Among methods for the production of metal nanoparticles, the reduction of metal ions in water, organic solvents, and aqueous organic solutions in the presence of functional polymers and surfactants as reducers and stabilizers is widely used [7076]. The metal ions adsorbed into multilayer polyelectrolytes, dendrimers, block copolymers, microgels, liposomes, polymer particles, and films or hydrogels that can be retained in solution due to the functional groups of the hydrophilic structure can easily be reduced to the corresponding metal nanoparticles, clusters, or metal oxides using suitable reducing agents such as NaBH4, AlBH4, H2, NH2NH2, citrate, etc. [77, 78].
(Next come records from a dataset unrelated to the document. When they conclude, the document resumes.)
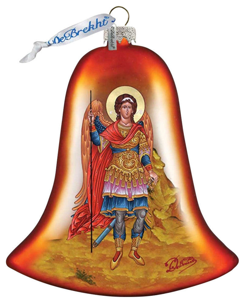 Hand Painted Saint Michael Bell Glass Scenic Ornament
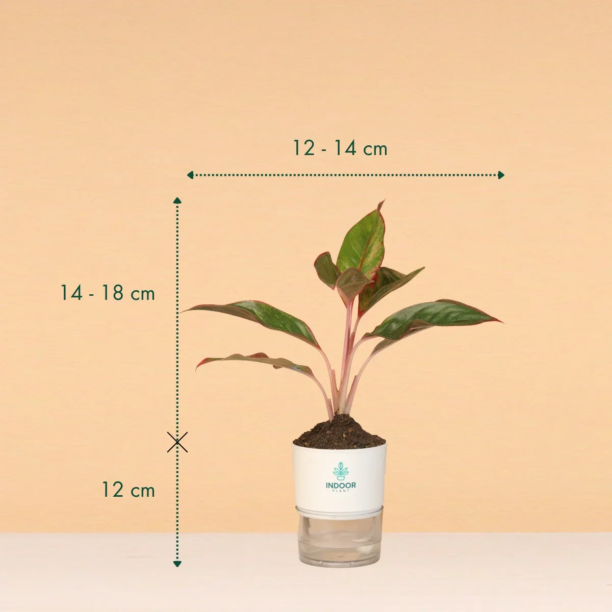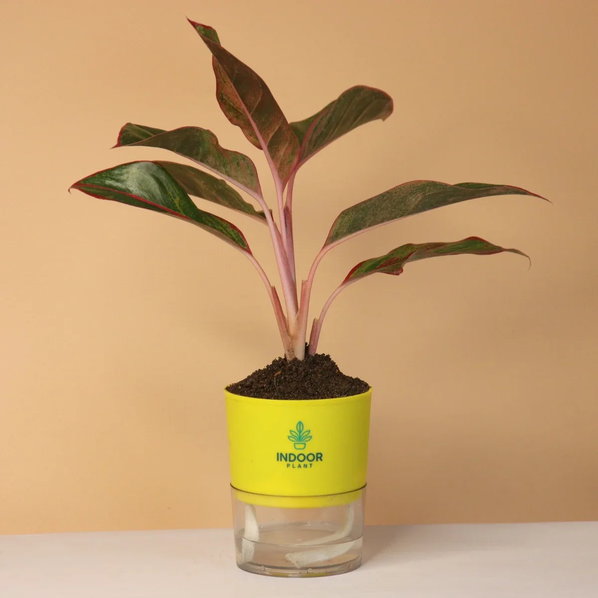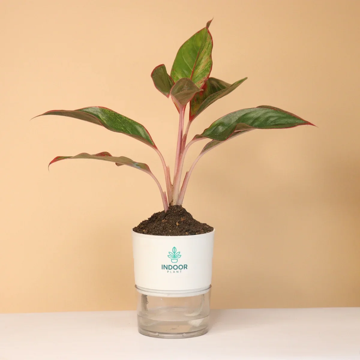 Aglaonema Red Lipstick Plant with Self-Watering Pot: Bold Beauty with Easy Care
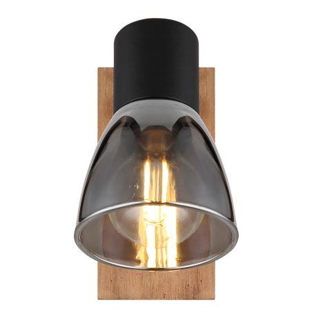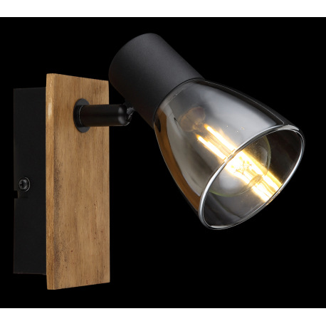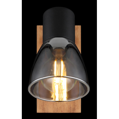 Nástenné svietidlo, drevo hnedé, kov čierny, dymové sklo, s vypínačom, ŠxV:70x140mm, H: 155mm, bez ž
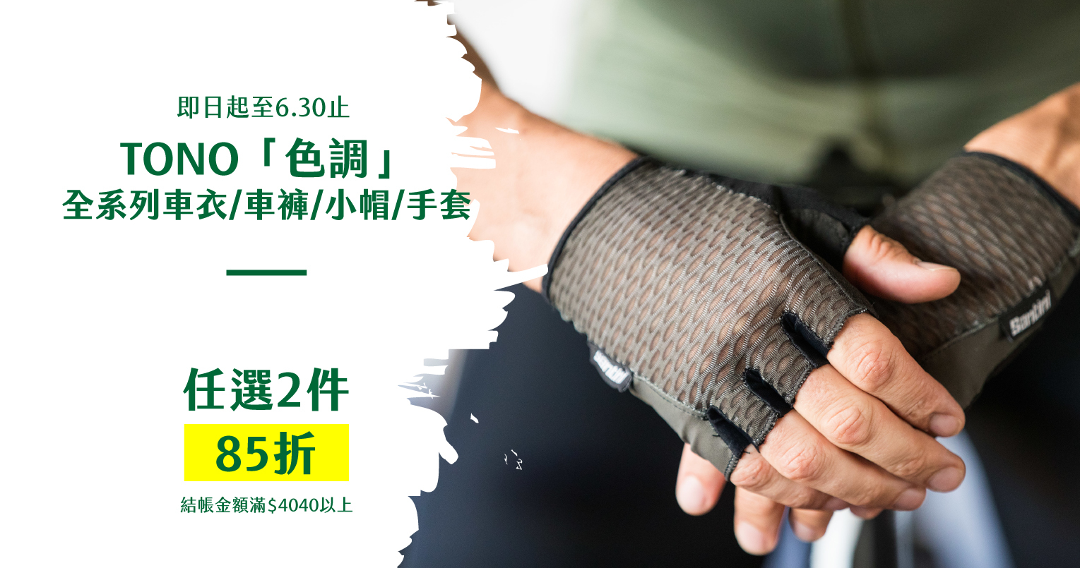 6月18日~6月30日 登山之路抗暑系列 TONO 「色調」全系列品項,任搭兩件商品滿4040 即享85折優惠 (已折扣中商品不參與此次限時活動)
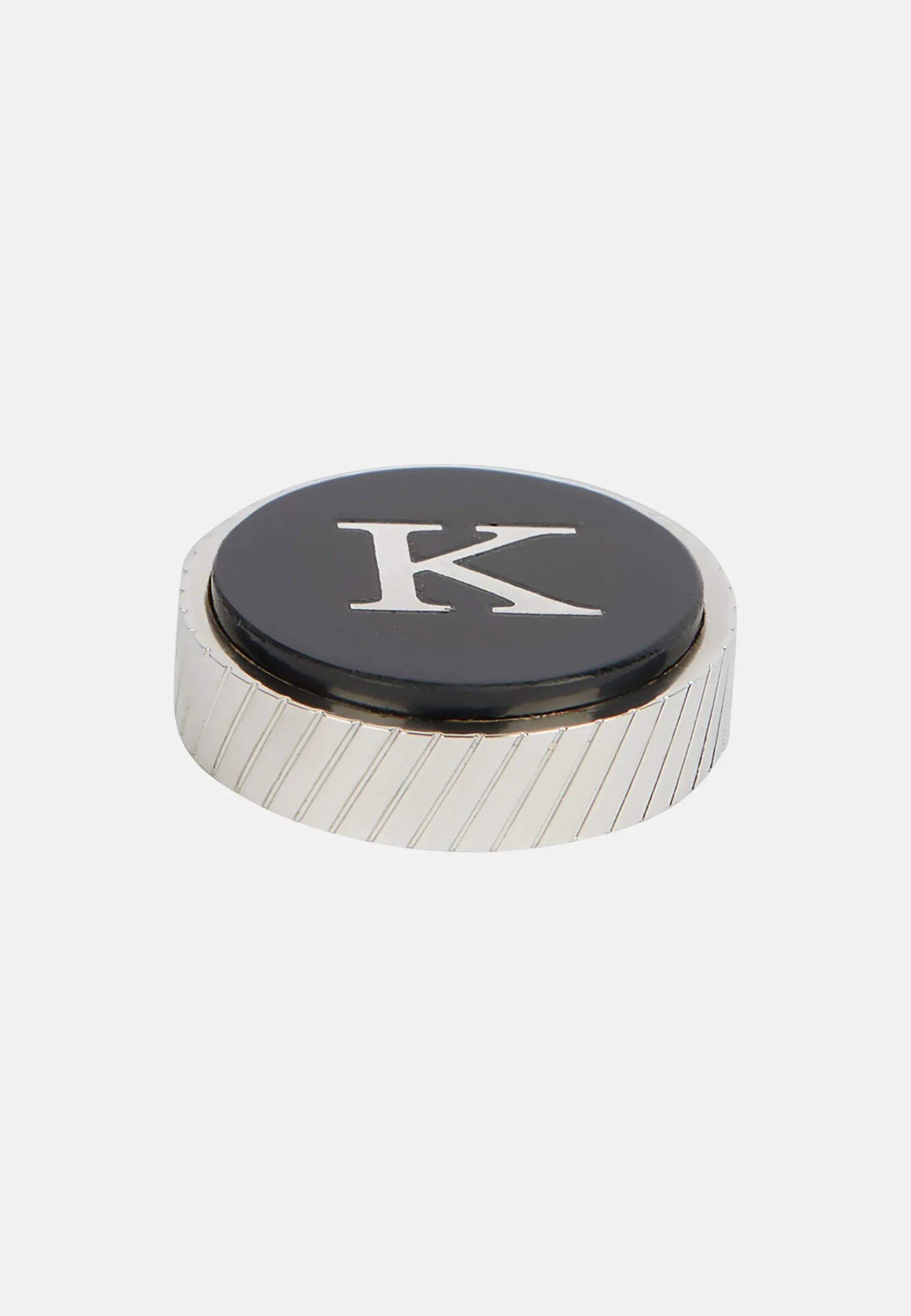 il se caractérise par la lettre émaillée sur fond noir, à appliquer sur la base spéciale pour boutons de manchette en métal.

The metal nanoparticles are stabilized with polymers in two different ways: physical (processes caused by van der Waals forces, dipole interactions, or weak, easily destroyed hydrogen bonds) or chemical adsorption [65]. The noncovalent interaction of nanoparticles with a macromolecule is rather weak (of the order of 10–4 J/m2); the efficiency of chemisorption is determined by the number of polar groups of the adsorbed polymer per unit surface regardless of the conformation of the macromolecules (expanded or globular). Importantly, the polymer should contain certain functional groups, which actively interact with the surface atoms of the nanoparticle, for example, as electron donors [71]. The efficiency of polymers as electron donors increases significantly if they contain centers of specific contacts acting simultaneously by the mechanism of charge and steric stabilization. Stable colloidal solutions of gold were synthesized in situ by the reduction of HAuCl4 in the presence of water-soluble polymers [79]. The most stable colloids were obtained with participation of polymers having hydrophobic ridges and hydrophilic side groups associated with gold ions.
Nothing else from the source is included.